And a lot of the organizations I talk to are struggling with that. Like how do we deal with these copies? Where should those copies go? And more and more, I'm sure we'll get into this discussion later, but more and more, a lot of organizations are starting to leverage cloud for that as well in terms of providing another site to put that data from a data protection standpoint and also from being able to leverage that data, that critical data with other innovations in the cloud, whether it be serverless or other algorithms and things like that.
Eric Hanselman
Well, it gets into those questions then of getting it in the right places and the capacity and cloud. And Jean, you certainly saw a lot of the cloud perspectives on what people are looking at this as well.
Jean Atelsek
Yes, exactly. I think in terms of training large language models, very few companies have the compute capacity to do that. And what we're seeing among the big cloud providers are these sort of tie-ups with AI startups so that they're basically investing in the OpenAIs and the Coheres and so on. And then basically, those companies are using that investment to buy compute capacity back from the hyperscalers.

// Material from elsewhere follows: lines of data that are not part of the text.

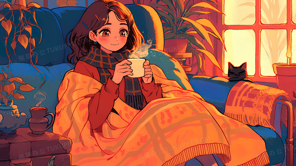 本作品内容为秋日宅家裹着毯子喝热茶的少女插画, 格式为 jpg, 大小3 MB, 图片尺寸为2912 x 1632, 源文件无水印, 欢迎使用熊猫办公。 如认为平台内容涉嫌侵权,可通过邮件:tousu@tukuppt.com提出书面通知,我们将及时处理。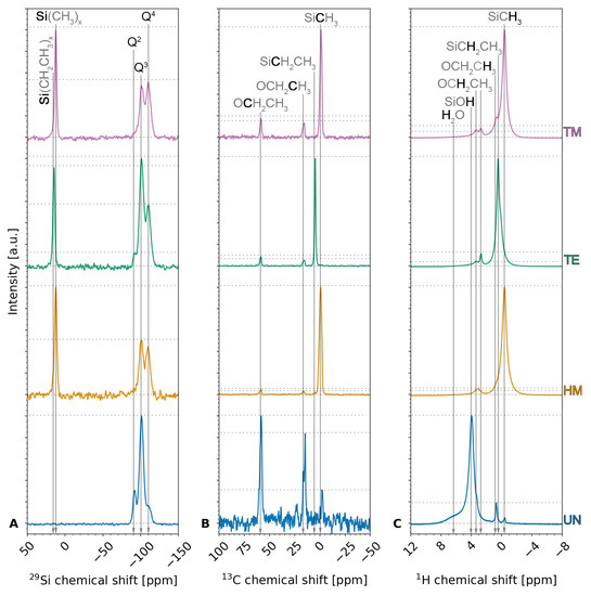 (A) 29Si, (B) 13C, and (C) 1H NMR spectra of the unmodified UN (blue), hexamethyldisilazane-modified HM (orange), triethylchlorosilane-modified TE (green), and trimethylchlorosilane-modified TM samples (pink). A vertical shift was used for better visibility and a grey dotted baseline is shown.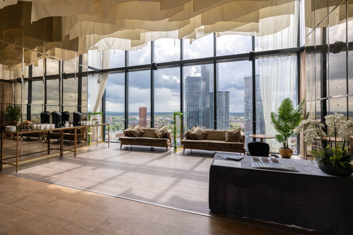 Sitting high above the Manchester Metropolis, Cloud 23 is located in the heart of the city centre. An iconic part of the Manchester skyline in itself, Cloud 23 has the most complete panoramic views of the city and beyond. Work with our team of experienced event professionals to plan your bespoke meeting or event in one of the most unique venues in Manchester. Hold your residential conference in Cloud 23 and enjoy exclusive use of the 23rd floor throughout the day. Exclusive hire means delegates will have use of a private lift up to the 23rd floor, as well as a self contained area for catering and your meeting, with all your refreshments breaks and conference lunch taking place within the space. A personalised registration will be arranged for your delegates so that they can check-in to their rooms quickly at the end of the conference, full exclusive use can hold up to 315 standing. Our largest space, Iris, offers ultimate flexibility, allowing the room to be transformed in to a variety of theatre-style set-ups with room for up to 100 delegates. Perfect for presentations where little note-taking is necessary. Our smallest lounge, Zeus, is perfect for more intimate meetings and gatherings. Ideal for a boardroom setting by day or transformed into a lounge by night. We can host drinks receptions, as well as including food options, such as canapés, bowl food or a plated dinner.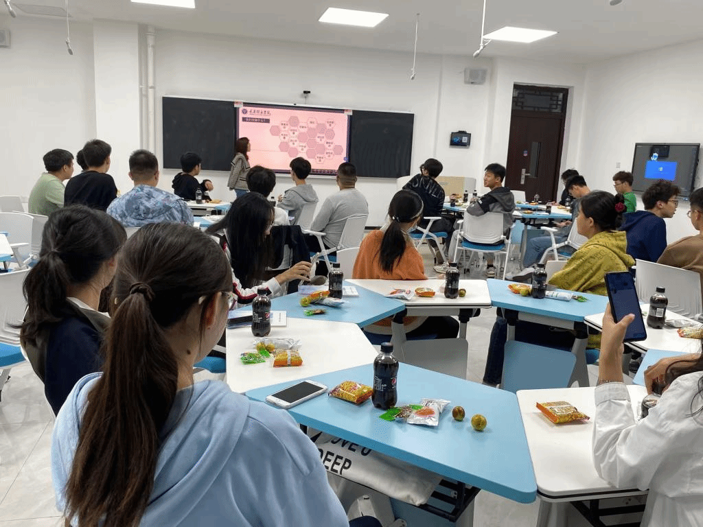 在异科导师班见面会开始前,大家围坐在八边形的蓝白桌前,互相分享零食,虽然第一次见面,但也没有感到陌生,气氛和谐温馨。

So they're really -- the hyperscalers are really being the kingmakers at this point in terms of the large language models. And what I have been struck by is how much what they call dogfooding is going on in terms of providers themselves, the AI start-ups themselves, the software startups, global system integrators.
They're all still applying the technology internally looking for use cases with credible return on investment. So yes, that's the interesting thing that -- it definitely feels like we're ahead of the curve, but the use cases still need to be developed and proved out financially.
Eric Hanselman
Well, it's interesting. The internal uses and whether or not it's dogfooding, champagne drinking, however palatable you want to make that. Yes, it was interesting to see actually all of the announcements.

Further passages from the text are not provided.